Being up and about this early; it felt strange and unnerving. The street was still and deathly quiet, whereas during the day it would be alive with a melody of sounds; the hum of car engines, the shrieks of children playing hide and seek, music blaring from open houses, people mowing the lawn and chatting on the corner on the way back from the school run.

Now, it was as if the sound had been turned off, as if the world had been muted. It was much colder, too. She could see her breath clouding in front of her as she breathed. She curled her toes inside her Ugg boots and hugged her dressing down more tightly around her as the early morning air caused her to shiver. It was so early that it was still dark, the amber streetlights illuminating the sleeping, lifeless houses, like an abandoned toy set.

Static pools of yellowish light from the streetlights reflected off the alternately parked cars around the street. Yet one car; a red BMW was neither lifeless nor empty, and it was this car, or rather the tall dark young man loading all manner of holdalls, suitcases and files into its boot and backseat that held her attention.

"Get in, Martha, it's freezing!" the man called to her, setting a heavy-looking backpack into the footwell of the passenger seat, and shutting the car door.

Martha, who was hovering around the iron gates that led up to their narrow drive, shook her head at him stubbornly as he made his way back over to her.

"No…no it's not, I'm all right," she lied, her teeth chattering. In the dim, amber light her face looked tired and ropy, and bore the telltale signs of stress- induced acne.

Shivering, she gave him her best 'I'm Dr.
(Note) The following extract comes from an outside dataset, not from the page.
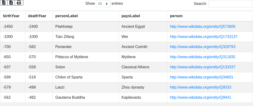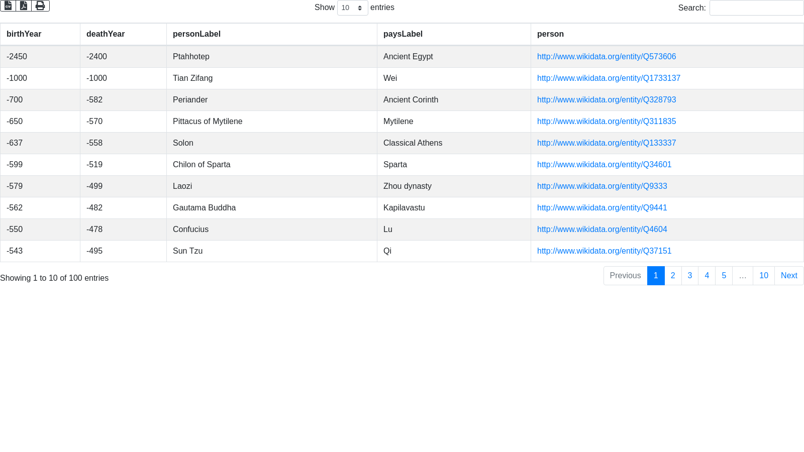 + "ORDER BY ?birthYear ?deathYear \n"
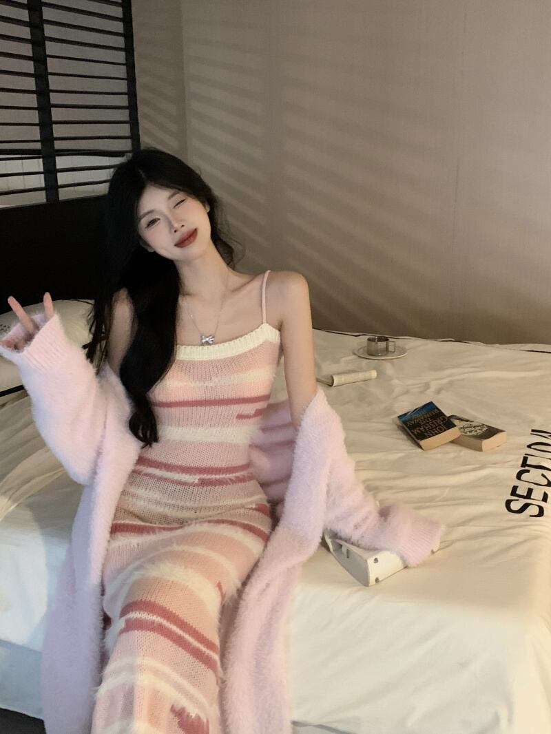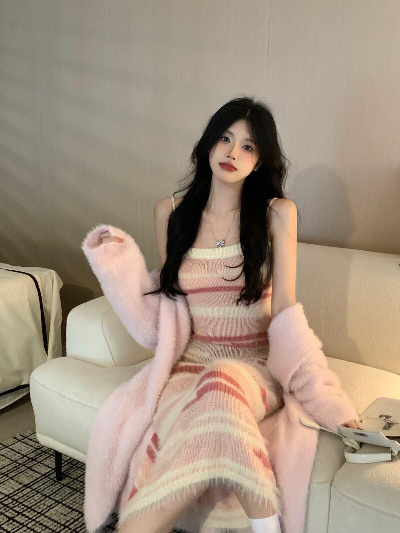 ジェントルフレンチスーツ カラーコントラスト スパゲッティストラップ ロングドレス レディース 秋冬 モヘアセーター カーディガン 2点セット オータム 秋物 ウィンター 冬物 got92219421826

Martha Jones' look; the fake smile she usually reserved for anxious, hysterical patients who were being difficult towards the end of her shift, when she was almost dead on her feet and all she wanted was to go home and go to bed…not, for example deal with a thirty-something year old man who had wanted to see what would happen if he 'turned the funny little green screw' that was embedded in the back of his hand and so had spattered the walls, his sheets, his chest and a nearby nurse a deep crimson, which had been a particularly memorable incident the week before.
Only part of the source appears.